Re: [PATCH 1/2] driver: core: add dedicated workqueue for devlink removal

From: Rafael J. Wysocki
Date: Mon Feb 05 2024 - 08:36:50 EST


On Mon, Feb 5, 2024 at 9:29 AM Nuno Sá <noname.nuno@xxxxxxxxx> wrote:
>
> On Fri, 2024-02-02 at 16:59 +0100, Rafael J. Wysocki wrote:
> > On Fri, Feb 2, 2024 at 1:18 PM Nuno Sa via B4 Relay
> > <devnull+nuno.sa.analog.com@xxxxxxxxxx> wrote:
> > >
> > > From: Nuno Sa <nuno.sa@xxxxxxxxxx>
> > >
> > > Let's use a dedicated queue for devlinks since releasing a link happens
> > > asynchronously but some code paths, like DT overlays, have some
> > > expectations regarding the of_node when being removed (the refcount must
> > > be 1). Given how devlinks are released that cannot be assured. Hence, add a
> > > dedicated queue so that it's easy to sync against devlinks removal.
> >
> > Thanks for following my suggestion!
> >
> > > While at it, make sure to explicitly include <linux/workqueue.h>.
> > >
> > > Signed-off-by: Nuno Sa <nuno.sa@xxxxxxxxxx>
> > > ---
> > > drivers/base/core.c | 33 +++++++++++++++++++++++++++++----
> > > include/linux/fwnode.h | 1 +
> > > 2 files changed, 30 insertions(+), 4 deletions(-)
> > >
> > > diff --git a/drivers/base/core.c b/drivers/base/core.c
> > > index 14d46af40f9a..06e7766b5227 100644
> > > --- a/drivers/base/core.c
> > > +++ b/drivers/base/core.c
> > > @@ -31,6 +31,7 @@
> > > #include <linux/swiotlb.h>
> > > #include <linux/sysfs.h>
> > > #include <linux/dma-map-ops.h> /* for dma_default_coherent */
> > > +#include <linux/workqueue.h>
> > >
> > > #include "base.h"
> > > #include "physical_location.h"
> > > @@ -44,6 +45,7 @@ static bool fw_devlink_is_permissive(void);
> > > static void __fw_devlink_link_to_consumers(struct device *dev);
> > > static bool fw_devlink_drv_reg_done;
> > > static bool fw_devlink_best_effort;
> > > +static struct workqueue_struct *devlink_release_queue __ro_after_init;
> > >
> > > /**
> > > * __fwnode_link_add - Create a link between two fwnode_handles.
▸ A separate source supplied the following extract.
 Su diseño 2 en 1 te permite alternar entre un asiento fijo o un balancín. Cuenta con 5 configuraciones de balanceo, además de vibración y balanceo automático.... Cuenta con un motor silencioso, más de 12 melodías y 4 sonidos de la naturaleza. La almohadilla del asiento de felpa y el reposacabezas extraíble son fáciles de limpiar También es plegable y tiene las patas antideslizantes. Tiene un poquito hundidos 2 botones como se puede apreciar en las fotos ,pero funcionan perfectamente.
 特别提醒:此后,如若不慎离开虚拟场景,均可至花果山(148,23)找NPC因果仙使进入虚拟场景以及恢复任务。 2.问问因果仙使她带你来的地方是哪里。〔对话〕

> > > @@ -235,6 +237,11 @@ static void __fw_devlink_pickup_dangling_consumers(struct
> > > fwnode_handle *fwnode,
> > > __fw_devlink_pickup_dangling_consumers(child, new_sup);
> > > }
> > >
> > > +void fwnode_links_flush_queue(void)
> > > +{
> > > + flush_workqueue(devlink_release_queue);
> > > +}
> > > +
> > > static DEFINE_MUTEX(device_links_lock);
> > > DEFINE_STATIC_SRCU(device_links_srcu);
> > >
> > > @@ -531,9 +538,10 @@ static void devlink_dev_release(struct device *dev)
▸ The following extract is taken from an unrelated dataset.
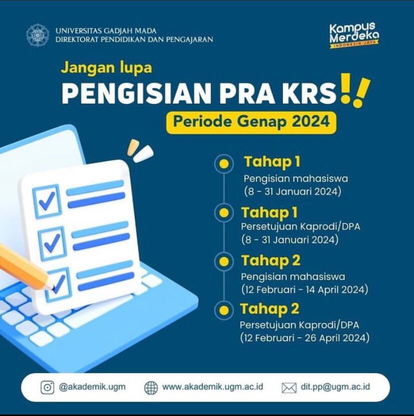 Panduan pengisian Pra KRS dapat Sobat Dikom akses melalui tautan merdekabelajar.ugm.ac.id/panduan-pra-krs/ dan usulan penambahan kegiatan SI MBKM dapat diakses melalui tautan ugm.id/UsulanKegiatanSIMBKM.
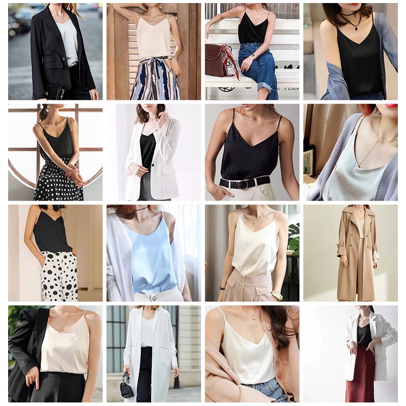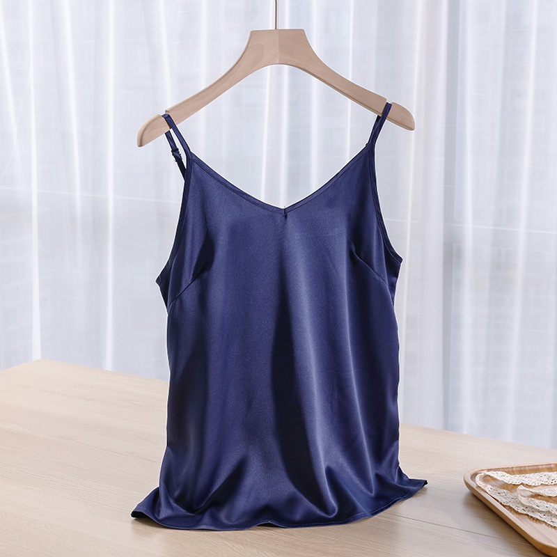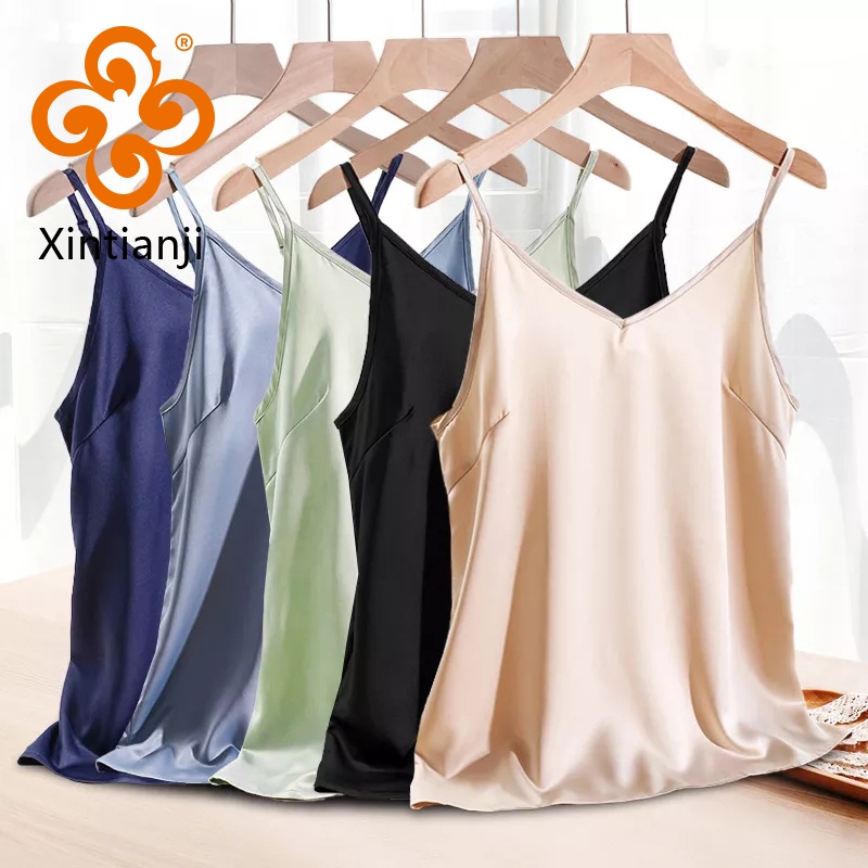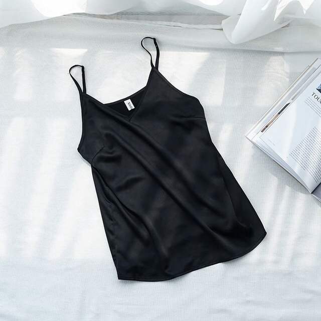 Fashion Satin Women Tank Tops Black Blue Sleeveless Spaghetti Strap V Neck Streetwear Camisole S-2XL plus size M30305

> > > * It may take a while to complete this work because of the SRCU
> > > * synchronization in device_link_release_fn() and if the consumer or
> > > * supplier devices get deleted when it runs, so put it into the "long"
> > > - * workqueue.
> > > + * devlink workqueue.
> > > + *
> > > */
> > > - queue_work(system_long_wq, &link->rm_work);
> > > + queue_work(devlink_release_queue, &link->rm_work);
> > > }
> > >
> > > static struct class devlink_class = {
> > > @@ -636,10 +644,27 @@ static int __init devlink_class_init(void)
> > > return ret;
> > >
> > > ret = class_interface_register(&devlink_class_intf);
> > > - if (ret)
> > > + if (ret) {
> > > + class_unregister(&devlink_class);
> > > + return ret;
> > > + }
> > > +
> > > + /*
> > > + * Using a dedicated queue for devlinks since releasing a link happens
> > > + * asynchronously but some code paths, like DT overlays, have some
> > > + * expectations regarding the of_node when being removed (the refcount
> > > + * must be 1). Given how devlinks are released that cannot be assured.
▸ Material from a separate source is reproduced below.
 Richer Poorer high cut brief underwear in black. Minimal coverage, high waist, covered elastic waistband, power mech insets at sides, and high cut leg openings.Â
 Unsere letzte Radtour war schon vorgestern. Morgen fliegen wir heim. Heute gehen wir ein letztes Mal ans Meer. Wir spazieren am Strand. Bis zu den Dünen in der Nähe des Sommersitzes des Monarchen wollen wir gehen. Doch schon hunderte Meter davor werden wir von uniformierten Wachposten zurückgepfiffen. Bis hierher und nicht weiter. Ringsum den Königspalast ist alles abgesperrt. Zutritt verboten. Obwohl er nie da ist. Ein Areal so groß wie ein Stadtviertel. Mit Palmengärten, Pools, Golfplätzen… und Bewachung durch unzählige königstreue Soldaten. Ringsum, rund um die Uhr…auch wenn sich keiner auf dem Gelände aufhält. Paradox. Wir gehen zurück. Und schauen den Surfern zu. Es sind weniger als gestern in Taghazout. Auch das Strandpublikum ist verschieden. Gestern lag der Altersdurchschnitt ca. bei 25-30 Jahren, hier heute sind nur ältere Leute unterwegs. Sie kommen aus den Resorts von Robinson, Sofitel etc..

> > > + * Hence, add a dedicated queue so that it's easy to sync against
> > > + * devlinks removal.
> > > + */
> > > + devlink_release_queue = alloc_workqueue("devlink_release", 0, 0);
> > > + if (!devlink_release_queue) {
> > > + class_interface_unregister(&devlink_class_intf);
> > > class_unregister(&devlink_class);
> >
> > This is a bit drastic.
> >
> > I think that device links can still work if devlink_release_queue is
> > NULL, just devlink_dev_release() needs to check it and release
> > synchronously if it is NULL.
> >
>
> Agreed, I'll do that way. It will always synchronously remove the links (which is
> different than before) but I guess that failing in allocating the queue is rather
> unlikely.

Right.